For volatile workloads, per-minute pricing is insurance you didn't have to buy in advance. The premium over reservation is usually smaller than what you'd pay for capacity you never used.
3. Switching cost
Reservations look cheap on paper but they lock you in. If a better GPU lands (the H200 to B200 transition is a textbook example), the reserved fleet on older hardware becomes a liability you have to amortise instead of a tool you can drop in a week.
Per-minute teams swap hardware in days. Reserved teams negotiate exit clauses with sales reps.
A more useful framework
Forget the 60% line. Ask three questions instead.
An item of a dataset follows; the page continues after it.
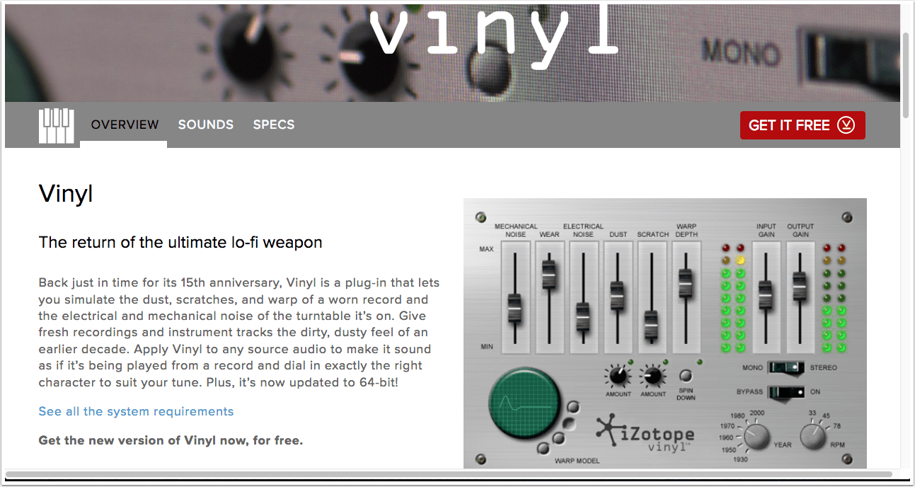 Vinyl kann auf der Homepage von iZotope kostenlos heruntergeladen werden:

Can you predict GPU demand a quarter ahead with ±10% accuracy? If yes, you're a candidate for reservation. If no, you're not.
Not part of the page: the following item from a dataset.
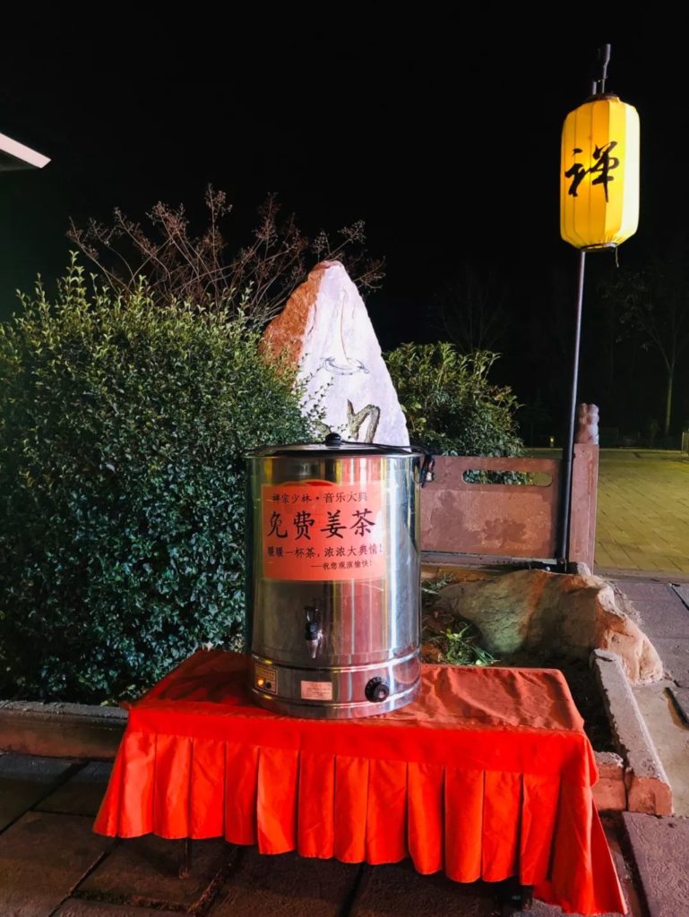 每每進(jìn)入冬季,音樂大典都會在入場口的廣場上備一桶暖暖的姜茶,免費(fèi)供游客取用。“暖暖一杯茶,濃濃大典情”,希望每一位前來觀演的朋友不僅能看到精彩震撼的演出,也能感受到我們大典人的熱情和溫暖!

What is the alternative use of that money? If you'd otherwise spend it on more headcount or a bigger experiment, the marginal value of capital is high. Reservations consume capital up front.
How fast does your hardware tier rotate? Frontier compute has historically rotated every 18–24 months. A 3-year reservation on yesterday's GPU is rarely a good trade.
If the answers are "no", "high", or "fast" on any of those, default to per-minute. The headline saving from reservation is real but small compared with the optionality you give up.
The hybrid play
The advanced version is a small reservation for the predictable baseline plus per-minute for the spiky top.
Reserve at the level your workload actually sustains. Usually 30–50% of peak. Burst into per-minute for everything above the reservation. Re-evaluate the reserved size every quarter.
That setup tends to cut 20–30% off the total bill while keeping the optionality where it matters. The catch is operational: you need cost reporting that can split usage across the two pools, which most teams don't have on day one.
Per-minute economics in EU GPU specialists
The vendors specialising in per-minute pricing (us included) have one structural advantage over hyperscalers. We don't backfill our spot pool from on-demand customers. The per-minute rate is the rate. There is no surge multiplier when the pool runs hot. There is no eviction penalty when a higher bidder wants the slot.
That predictability matters more than people expect. Burst-friendly workloads that try to live on hyperscaler spot end up budgeting for the on-demand rate anyway, because spot runs out exactly when you need it. EU specialists tend to be priced halfway between hyperscaler spot and hyperscaler on-demand, with availability closer to the on-demand side.
The decision in one sentence
Reserved is the right call when utilisation is high, predictable, and the hardware will still be relevant at the end of the term. Per-minute is the right call for everything else, which is most workloads most of the time. Don't let the headline percentage saving tempt you into pretending you're in the first category when you aren't.